MICROSOFT TECHNOLOGY LICENSING, LLC

Inventor(s)

Brandon Barry Haynes of Seattle WA (US)

Jyoti Leeka of Sunnyvale CA (US)

Anna Pavlenko of Edmonds WA (US)

Rana Alotaibi of Laguna Beach CA (US)

Alekh Jindal of Sammamish WA (US)

MATERIALIZED VIEW GENERATION AND PROVISION BASED ON QUERIES HAVING A SEMANTICALLY EQUIVALENT OR CONTAINMENT RELATIONSHIP - A simplified explanation of the abstract

This abstract first appeared for US patent application 17734026 titled 'MATERIALIZED VIEW GENERATION AND PROVISION BASED ON QUERIES HAVING A SEMANTICALLY EQUIVALENT OR CONTAINMENT RELATIONSHIP

Simplified Explanation

- This patent application is about generating and returning materialized views for queries that have a specific relationship with each other. - Machine learning techniques are used to identify query subexpressions that are either semantically equivalent or contain each other. - When such relationships are identified, a materialized view is created for the identified subexpressions. - When a query is received, machine learning techniques are used to determine if a subexpression of the query has a relationship with another subexpression that has a materialized view. - If a relationship is found, the materialized view generated for the other subexpression is returned.
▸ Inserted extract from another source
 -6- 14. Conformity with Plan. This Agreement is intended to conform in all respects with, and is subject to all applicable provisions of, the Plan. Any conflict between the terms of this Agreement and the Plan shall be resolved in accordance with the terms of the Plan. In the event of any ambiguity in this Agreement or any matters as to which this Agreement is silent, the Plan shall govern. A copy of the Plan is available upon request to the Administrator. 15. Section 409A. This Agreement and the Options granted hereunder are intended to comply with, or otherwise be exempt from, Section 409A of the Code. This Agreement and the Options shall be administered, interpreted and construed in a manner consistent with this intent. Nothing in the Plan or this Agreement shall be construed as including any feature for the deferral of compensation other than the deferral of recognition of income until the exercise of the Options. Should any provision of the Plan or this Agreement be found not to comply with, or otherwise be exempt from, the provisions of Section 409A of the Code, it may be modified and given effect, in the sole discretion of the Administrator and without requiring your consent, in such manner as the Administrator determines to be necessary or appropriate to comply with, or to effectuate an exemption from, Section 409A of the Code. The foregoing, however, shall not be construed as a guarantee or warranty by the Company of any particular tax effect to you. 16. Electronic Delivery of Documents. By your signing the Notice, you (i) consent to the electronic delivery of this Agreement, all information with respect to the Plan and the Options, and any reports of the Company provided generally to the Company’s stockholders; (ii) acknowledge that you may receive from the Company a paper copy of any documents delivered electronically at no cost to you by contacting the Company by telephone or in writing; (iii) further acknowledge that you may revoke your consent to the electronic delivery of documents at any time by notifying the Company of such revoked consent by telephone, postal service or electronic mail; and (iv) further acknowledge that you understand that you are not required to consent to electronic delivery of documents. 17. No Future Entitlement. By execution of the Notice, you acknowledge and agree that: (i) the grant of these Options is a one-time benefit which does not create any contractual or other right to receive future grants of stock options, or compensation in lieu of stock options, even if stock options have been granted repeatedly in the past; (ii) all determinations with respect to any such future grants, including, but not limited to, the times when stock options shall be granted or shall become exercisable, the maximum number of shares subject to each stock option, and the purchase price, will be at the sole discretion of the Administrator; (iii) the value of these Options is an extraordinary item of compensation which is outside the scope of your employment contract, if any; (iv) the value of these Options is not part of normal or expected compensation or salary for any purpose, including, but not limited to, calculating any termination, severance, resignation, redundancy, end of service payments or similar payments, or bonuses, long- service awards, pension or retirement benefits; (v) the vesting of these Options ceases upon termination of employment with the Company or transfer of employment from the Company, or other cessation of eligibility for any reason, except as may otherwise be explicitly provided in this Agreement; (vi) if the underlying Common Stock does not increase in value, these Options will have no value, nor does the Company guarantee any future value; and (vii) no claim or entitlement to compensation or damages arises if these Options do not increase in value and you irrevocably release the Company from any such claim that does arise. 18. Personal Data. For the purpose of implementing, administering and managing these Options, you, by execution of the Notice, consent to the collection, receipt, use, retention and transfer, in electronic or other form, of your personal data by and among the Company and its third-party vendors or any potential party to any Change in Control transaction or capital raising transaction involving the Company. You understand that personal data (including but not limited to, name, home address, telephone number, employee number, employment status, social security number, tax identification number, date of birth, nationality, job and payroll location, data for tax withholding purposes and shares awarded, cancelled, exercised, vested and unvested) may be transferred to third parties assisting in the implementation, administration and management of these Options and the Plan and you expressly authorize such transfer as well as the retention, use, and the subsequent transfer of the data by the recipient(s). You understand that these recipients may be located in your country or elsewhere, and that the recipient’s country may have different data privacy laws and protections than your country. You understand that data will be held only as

Original Abstract Submitted

Embodiments described herein are directed to generating and returning materialized views for queries (or subexpressions thereof) having a particular relationship with each other. For instance, machine learning-based techniques may be utilized to identify query subexpressions that have at least one of a semantically equivalent relationship or a containment relationship with each other. Responsive to identifying such relationship(s), a materialized view may be generated for the identified subexpressions. When a query is subsequently received, machine learning-based techniques may be utilized to determine whether a subexpression of the query possesses at least one of a semantically equivalent relationship or a containment relationship with another subexpression for which a materialized view has been generated. Responsive to determining that such a subexpression of the query possesses one or more of such relationships, the materialized view generated for the other subexpression is returned.